Cal is waiting for Trey to bring up Brendan again, or the cottage, but he doesn’t. For a while Cal is wary of this; he’s inclined to take it as a sign that the kid is making plans he’s not sharing. Then he happens to glance over, checking how the rabbit is doing. The kid is poking at the frying pan and nodding his head along to “I Ain’t Living Long Like This,” his lips pursed in a goofy half whistle, his cheeks rosy from the heat of the stove. He looks several years younger than he is, and completely at ease. It comes to Cal that, for once, the kid’s mind isn’t taken up by worrying about Brendan. He’s rewarded himself for the rabbit by allowing himself to put that away, just for a little while.
Trey looks askance at his plate when they sit down at the table, but after one bite his doubts disappear. He shovels in the food like he hasn’t eaten in weeks.
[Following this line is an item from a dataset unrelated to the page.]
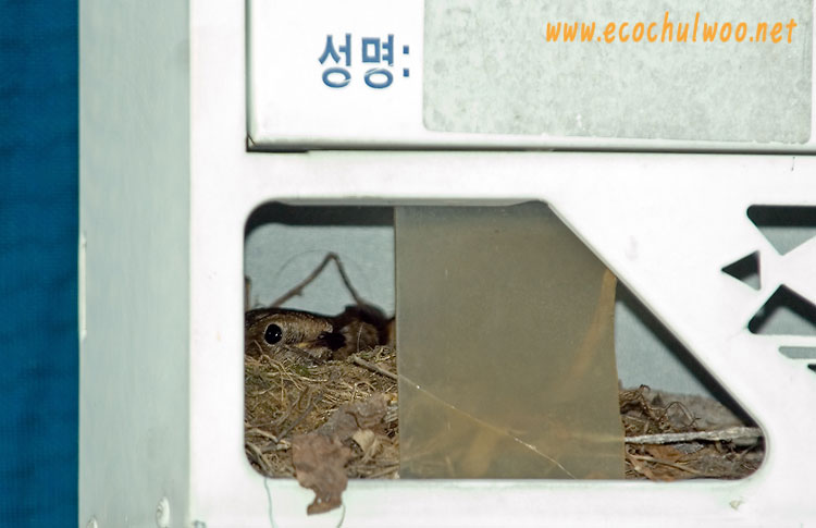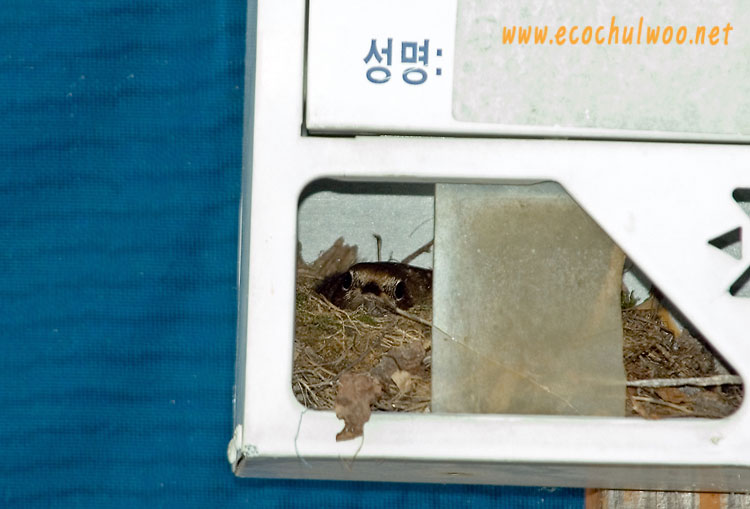 우체통에 둥지를 틀고 포란중인 딱새 암컷의 모습입니다.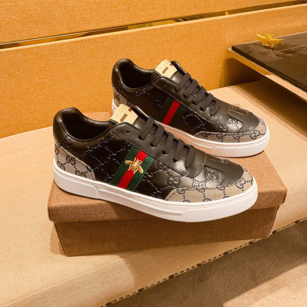 GG Men's Sneaker Black White Embossed Cowhide 525909

His face is practically touching the plate.
“Turns out you like garlic, huh?” Cal asks, grinning.
The kid nods, over another big forkful.
“This dinner’s down to you,” Cal says. “Start to finish. No farmer, no butcher, no factory, no Noreen: just you. How’s that feel?”
Trey is smiling a particular small, private smile that Cal has come to realize means he’s specially happy. “Not bad,” he says.
“If I had my way,” Cal says, “I’d do this for every piece of meat I ever ate. It’s harder and messier than buying a hamburger, but that seems fitting. Eating a creature shouldn’t be a light thing.”